A security administrator discovers an image file that has several plain text documents hidden in the file. Which of the following security goals is met by camouflaging data inside of other files?

A. Integrity

B. Confidentiality

C. Steganography

D. Availability

Answer: C

Explanation:

Steganography is the process of concealing a file, message, image, or video within another file, message, image, or video.

Note: The advantage of steganography over cryptography alone is that the intended secret message does not attract attention to itself as an object of scrutiny.

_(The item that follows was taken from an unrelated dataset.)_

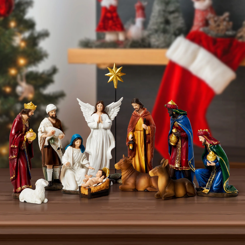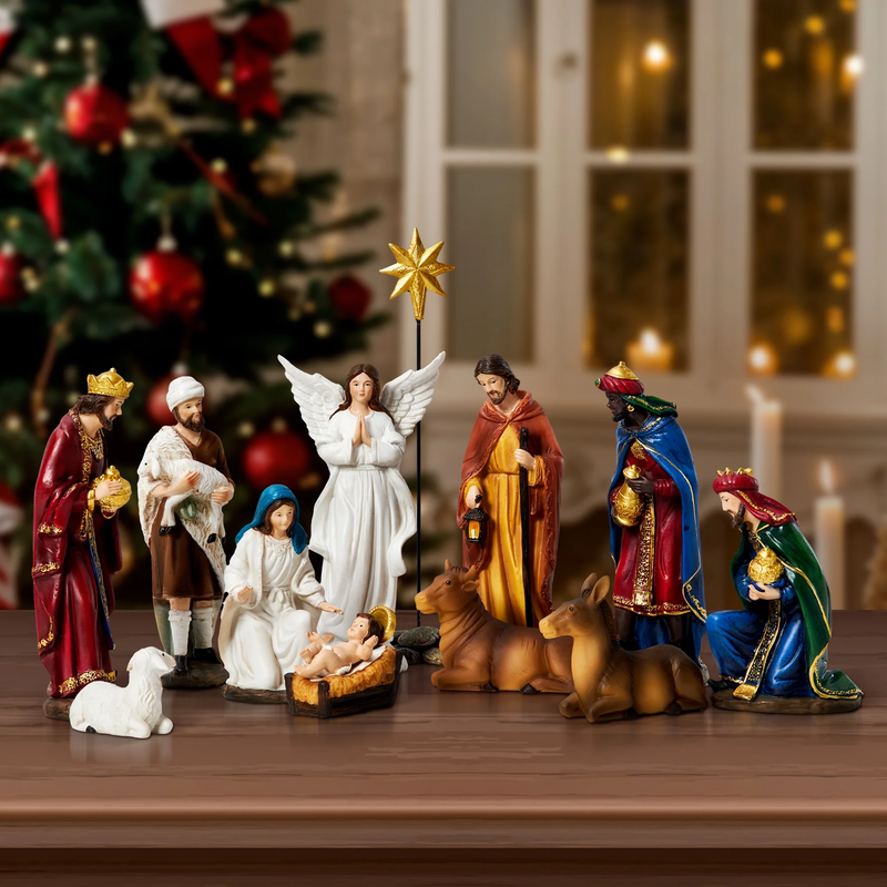 The 13 indoor nativity set are made of resin material, handcrafted and exquisitely designed.

Plainly visible encrypted messages, no matter how unbreakable will arouse interest, and may in themselves be incriminating in countries where encryption is illegal. Thus, whereas cryptography is the practice of protecting the contents of a message alone, steganography is concerned with concealing the fact that a secret message is being sent, as well as concealing the contents of the message.

Question No: 15

Which of the following must be kept secret for a public key infrastructure to remain secure?

A. Certificate Authority

B. Certificate revocation list

C. Public key ring

D. Private key

Answer: D

Explanation:

The private key, which is also called the secret key, must be kept secret.

Question No: 16

Ann, a security administrator at a call center, has been experiencing problems with users intentionally installing unapproved and occasionally malicious software on their computers. Due to the nature of their jobs, Ann cannot change their permissions. Which of the following would BEST alleviate her concerns?

A. Deploy a HIDS suite on the users' computers to prevent application installation.

B. Maintain the baseline posture at the highest OS patch level.

C. Enable the pop-up blockers on the users' browsers to prevent malware.

D. Create an approved application list and block anything not on it.

Answer: D

Explanation:

You can use Software Restriction Policy or its successor AppLocker to prevent unauthorized applications from running or being installed on computers.

Software Restriction Policies (SRP) is Group Policy-based feature that identifies software programs running on computers in a domain, and controls the ability of those programs to run. Software restriction policies are part of the Microsoft security and management strategy to assist enterprises in increasing the reliability, integrity, and manageability of their computers.

You can use AppLocker as part of your overall security strategy for the following scenarios: Help prevent malicious software (malware) and unsupported applications from affecting computers in your environment.

Prevent users from installing and using unauthorized applications.

Implement application control policy to satisfy portions of your security policy or compliance requirements in your organization.

Question No: 17

RC4 is a strong encryption protocol that is generally used with which of the following?

A. WPA2 CCMP

B. PEAP

C. WEP

D. EAP-TLS

Answer: C

Explanation:

Rivest Cipher 4 (RC4) is a 128-bit stream cipher used WEP and WPA encryption.